My brother is gone for the weekend, so I'm considering our offices closed today. Of course, I'll sit in here all day and work, and answer phones, but the key is the mental gains of telling yourself today you're not working, you're just hanging out in the office.
So I had this brilliant idea for a complete redesign of eyepulp. I'm excited. Look for it in about 45 months (not "Four to Five months", but "45 months").
It's been a semi-lousy morning due to some "situations", but I'm going to get coffee now, and I need to go to an art store for some old-school analog supplies, and I may buy a polarizing filter for the camera...
Oh yeah, I almost forgot, my posts are going to start grabbing the weather conditions at the moment I make the post and record it. If it all works, you'll see a little weather icon at the top of the post, and if you click on it, get some specifics. Why am I recording this? I don't know, but I think it's a case of "hey, I think I can do this" and "It's my freakin' site, and I'll put whatever crap on there I want."
Cheerio.

 
7 Comments
1
9 years, 11 months ago
VHS   permalink
You know, Andrew,life is like a mop. Sometimes life gets full of dirt and crud and hairballs and things and you gotta clean it out. You gotta stick it in here and rinse it off and start all over again. And sometimes life sticks to the floor so much that a mop, a mop, it's not good enough. You gotta get down there with like a toothbrush, you know, and you gotta really scrub 'cause you gotta get it off! But if that doesn't work, you can't give up! You gotta stand right up! You gotta run to a window and say, "These floors are dirty as hell, and I'm not gonna take it any more!"
2
9 years, 11 months ago
andrew   permalink
You should make that speech to the swelling sounds of some patriotic music. Very soul stirring words... *sniff* or *snifl* or... Sifl?
3
9 years, 11 months ago
Corey   permalink
If you're going to start throwing around adjectives like "best movie ever", make sure you watch the pilot episode of "The White Shadow" before doing so.
4
9 years, 11 months ago
Josh   permalink
UHF...very nice choice.
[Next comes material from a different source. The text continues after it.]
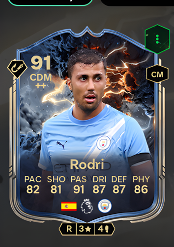Introducing Rodrigo Hernández Cascante's Thunderstruck card, a formidable Central Defensive Midfielder boasting an impressive overall rating of 91. This elite card showcases his exceptional attributes, including a remarkable 91 passing, 87 dribbling, 87 defense, and a well-rounded physicality of 86, complemented by a solid 82 pace and 81 shooting. As a CDM, this card excels in controlling the midfield with its outstanding defensive awareness and ability to break up opposition plays, while its superior passing range and composure on the ball allow for initiating swift, precise counter-attacks. This makes Rodri an invaluable asset in transitioning from defense to offense, helping to dominate possession, disrupt the opponent's rhythm, and create pivotal opportunities to secure victory in any match.
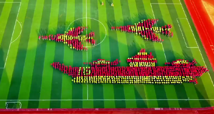 振奋人心的文化方阵汇演掀起了展演的最高潮。“航母”与“战斗机”造型缓缓走向训练场。党的二十大对青年发出号召“怀抱梦想,脚踏实地,敢想敢为,善作善成,有理想,有担当,能吃苦,肯奋斗”的字样以及党徽、校徽等图案一一在方阵中勾勒。主题鲜明的图案、嘹亮的口号、深情的解说,展示了广东工程学子积极向上的精神风貌,表达了他们爱党爱国爱校的深切情感。

Classic.
And nice use of Stanley's philosphical musings, VHS. Heh heh...
5
9 years, 11 months ago
Josh   permalink
...philosophical, even...<grumble>
How about that spell check, Andrew?
6
9 years, 11 months ago
andrew   permalink
in the immortal words of Pappa Smurf [regarding a very Smurfy spell checker] "...very soon now, my little Smrfs.[sic]"
7
9 years, 11 months ago
sexy mexi   permalink
You did not post that?!?!?!? I'm going to match.com to check it out. You are crazy!
You type, and I'll breathe over your shoulder.